[Dataset records]

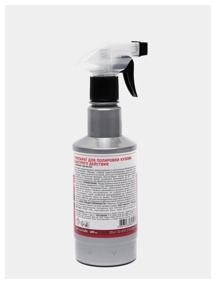 | Способ применения | Предназначен для обработки лакокрасочных поверхностей автомобилей и мотоциклов с целью очистки и придания им дополнительных защитных свойств, а также улучшения их внешнего вида. Перед применением встряхнуть. Не наносить на стекло, нагретую поверхность и под прямыми солнечными лучами! Обработку кузова производить последовательно, небольшими участками обработать каждую деталь кузова. Вымыть автомобиль и вытереть насухо. Распылить средство на участок, распределить по поверхности мягкой тканью. Располировать сухой салфеткой (микрофиброй) до появления блеска и легкого скольжения ткани по кузову. Рекомендуется использовать две тканевых салфетки: одну для распределения средства по поверхности, вторую – для располировки. На поверхность вблизи стекол наносить средство с помощью ткани. |
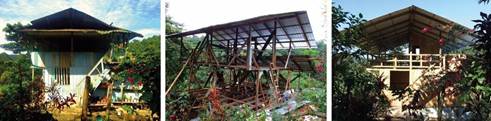 El convenio de vinculación con la sociedad entre la FAU-UCE y la ASOSEPAM posibilitó la elaboración de las propuestas arquitectónicas para la adaptación de cuatro viviendas de la comunidad para nuevas actividades turísticas. Cuatro grupos de estudiantes, coordinados por un docente, presentaron sus propuestas arquitectónicas acompañadas de la cuantificación de los materiales y definición del presupuesto para cada una de las intervenciones. Las propuestas arquitectónicas fueron desarrolladas a partir de tres eventos: el primero, dedicado a la socialización y articulación entre los actores; el segundo, destinado a la selección del material (bambú) utilizado en la construcción, y el tercero, mediante el co-diseño de los proyectos arquitectónicos junto a las familias. Este último fue un trabajo dialogado y concebido entre los dueños de los hogares y los estudiantes a partir de un proceso pedagógico. La universidad compartió conocimientos sobre lectura de planos y la comunidad compartió sus saberes sobre los materiales de la zona con el objetivo de generar propuestas constructivas. En la figura 6 se evidencia el proceso y finalización de una de las intervenciones arquitectónicas. Cabe recalcar, la formación de redes de colaboración dentro del proyecto de vinculación con la sociedad, ya que además de la ASOSEPAM y el OPTE FAU-UCE, en esta etapa del proyecto se vincularon la AEXCID y la Fundación Imaymana como entidad gestora y administradora.
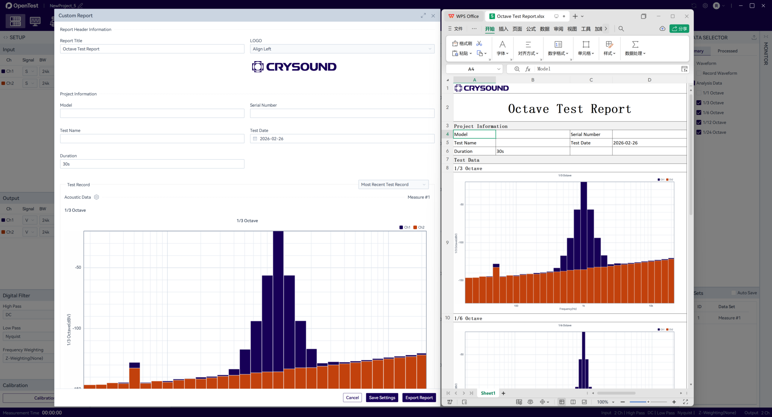 Configure test parameters in the settings panel, including selecting input channels and setting the acquisition time, frequency range, algorithm selection, etc. After the parameters are modified, they will take effect the next time the test is executed.
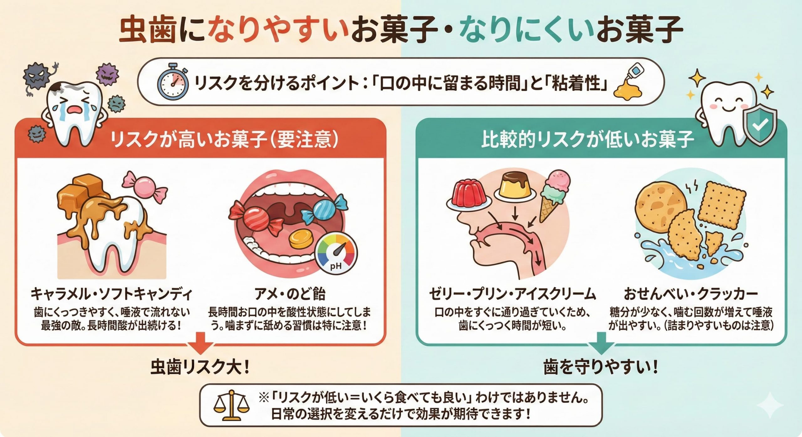 すべてのお菓子が同じように悪いわけではありません。虫歯リスクを分けるポイントは、「糖分の量」だけでなく「口の中に留まる時間」と「粘着性」にあります。
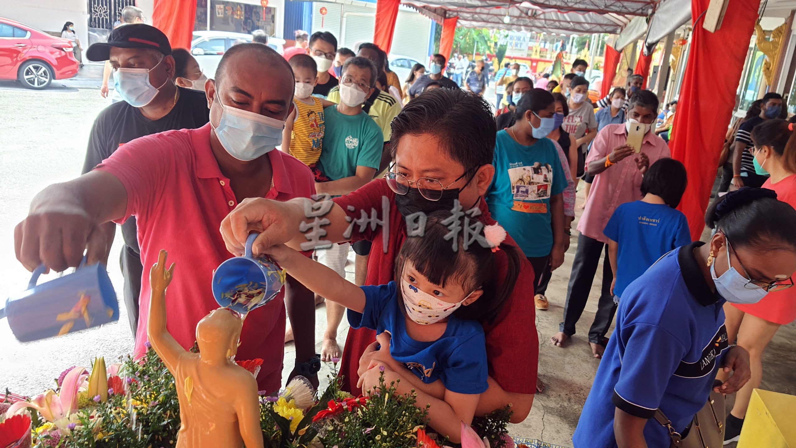 (槟城15日讯)阔别两年后,民众终于盼来了实体庆祝卫塞节,亲手沐浴佛身。
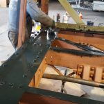 Het lijkt zo eenvoudig een gesloten goederenwagon bestaand uit een frame, een paar stijlen en wat platen hout. Maar voor ons vormt deze wagen toch nog een beste uitdaging. Met name veroorzaakt door het feit dat de diverse onderdelen van verschillende wagens afkomstig zijn, hersteld zijn, een beetje krom blijken te zijn, een gat soms net niet in lijn zit met de andere gaten. Want deze oorlogsgoederenwagen is in feite gelijk aan een Meccano doos. En dan hoop je maar dat alles na meer dan 70 jaar past maar dat is met deze grote onderdelen een beetje “wishfull thinking”. En er is een nieuwe langsbalk in het frame geplaatst zonder enig gat. Dit laatste is eigenlijk zelfs een voordeel want dan kan je gaten “passend” maken. Op deze werkdag zijn wij v.w.b. de bovenbouw (stijlen) vooral bezig geweest met het passen, meten, kijken, nog eens meten, logisch nadenken, referentiepunten bepalen enz, enz…. Een flinke uitdaging dus. Maar dankzij voor- en tekenwerk van één van onze medewerkers gaan we er uit komen. Daarnaast is er het nodige laswerk verricht aan de vacuumleiding en zijn er oude gaten in de frame langsbalken dichtgemaakt. Dankzij het draaiwerk van de stichting SZB uit Zeeland konden de 2 verstevigingsplaten op de koppen van het frame definitief vastgezet worden. Zij hebben boutkoppen afgedraaid zodat ze op klinknagels gaan lijken. Aan de achterzijde zit dan wel een moer maar die komt straks niet in het zicht omdat er een houten vloer bovenop komt. Daarnaast is de treksterkte 2x zo hoog van deze 10.9 bouten dan van een normale klinknagel. Met het monteren van deze verstevigingsplaten is het basisframe van de USATC wagen gereed gekomen, een mooie mijlpaal !
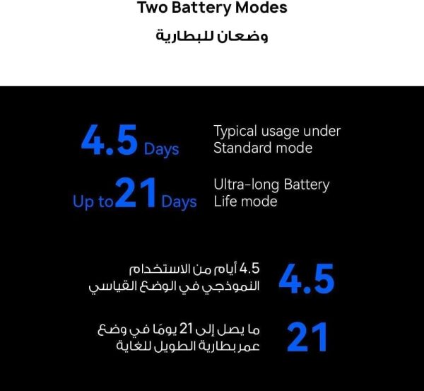 【Durable Battery】Standard Mode: 4.5-day typical battery life, 3-day max. battery life (with AOD on);Ultra-long Battery Life mode:12-day typical battery life,21-day max. battery life
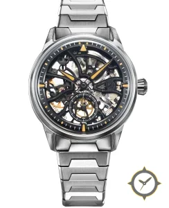 A Skeleton watch with a versatile 38.5mm case, that suits most wrists, crafted from stainless steel featuring a black dial with a unique open-work / skeleton (exposed movement) finish.
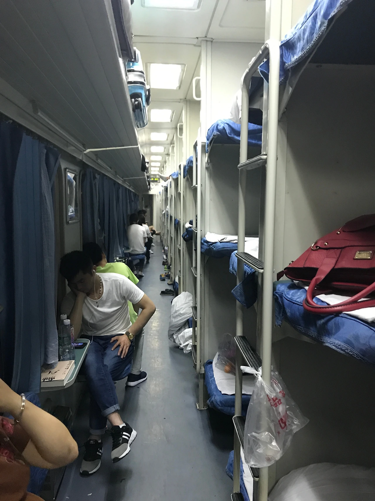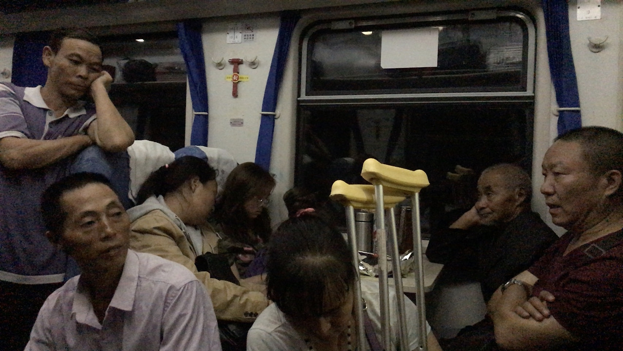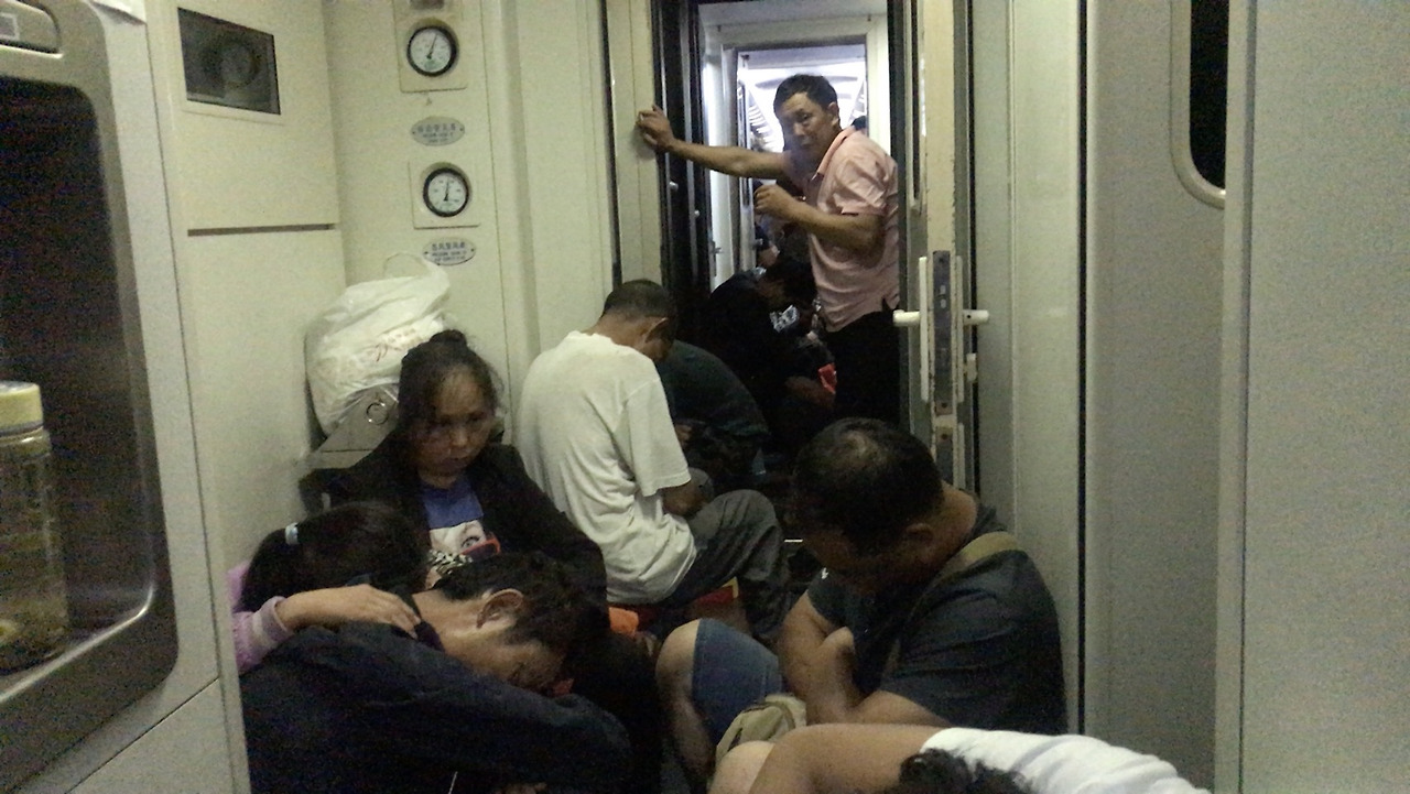 그런데 문제는 그게 아니었다. 녹색기차를 18시간 동안 타고 간다는 건 거의 극기훈련에 가깝다는 걸 몰랐었다. 나는 침대 열차칸의 여유로움만 생각했지, 좌석칸에 사람들이 그렇게 바글바글하다는 걸 몰랐었다. 놀랍게도 좌석칸에는 빡빡하게 앉아 있는 승객들만이 아니라, 입석으로 타서 복도에 쭈그려 앉아 있는 사람들, 화장실 앞에서 돗자리를 깐 일가족, 남의 자리 모서리에 걸터 앉는 아주머니, 좌석 옆에서 담배 피는 아저씨 등등 수백여 명의 사람들이 함께 있었다. 나는 이 험난한 여행을 전혀 예상하지 못 했어서 너무 놀랐고, 또 열차 안의 에어컨이 너무 쌔서 두 번 놀랐다.

▶ _YOUR TASK_
Copy word for word the lines above, starting at the line containing "Configure test parameters" and ending at the line containing "(槟城15日讯)阔别两年后,民众终于盼来了实体庆祝卫塞节,亲手沐浴佛身。", inclusive, with no pictures.

▶ _TASK ANSWER_
 Configure test parameters in the settings panel, including selecting input channels and setting the acquisition time, frequency range, algorithm selection, etc. After the parameters are modified, they will take effect the next time the test is executed.
 すべてのお菓子が同じように悪いわけではありません。虫歯リスクを分けるポイントは、「糖分の量」だけでなく「口の中に留まる時間」と「粘着性」にあります。
 (槟城15日讯)阔别两年后,民众终于盼来了实体庆祝卫塞节,亲手沐浴佛身。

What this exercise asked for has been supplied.